In the structure of my PatriciaTree, it has following parameters:
char c, indicate the char the node has.
HashMap<Character, PatriciaTree> children, indicate the children the node has.
String leftString, this a bit difficult to explain. So let me raise an example. If root only has a word "dog". So the structure would be like:
.root.......
..\.........
...d(og)....
But not:
.root.......
..\.........
...d........
....\.......
.....o......
......\.....
.......g....
So, in this case, I use the leftString to store the string after 'd', which is 'og'. And I call the node d(og) string leaf. Because it is a leaf, and it needs to indicate what string it still has.

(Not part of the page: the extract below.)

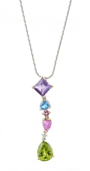 Rehaussé d'un petit diamant, d'une tourmaline rose, de topazes e...

I define 4 types of nodes in patricia tree:
STATE_ROOT, the root the patricia tree.
STATE_STRINGLEAF, it is a leaf, and it has left string in it. Like the example I showed above.
STATE_LEAF, it is a leaf, and it doesn't has left string.
For example, the 'g' and 't' nodes are both LEAF node, but not string leaf node.
.root.........
..\...........
...d..........
....\.........
.....o........
..../.\.......
...g...t......
STATE_MIDDLE, in the above case, the 'd' and 'o' are middle nodes.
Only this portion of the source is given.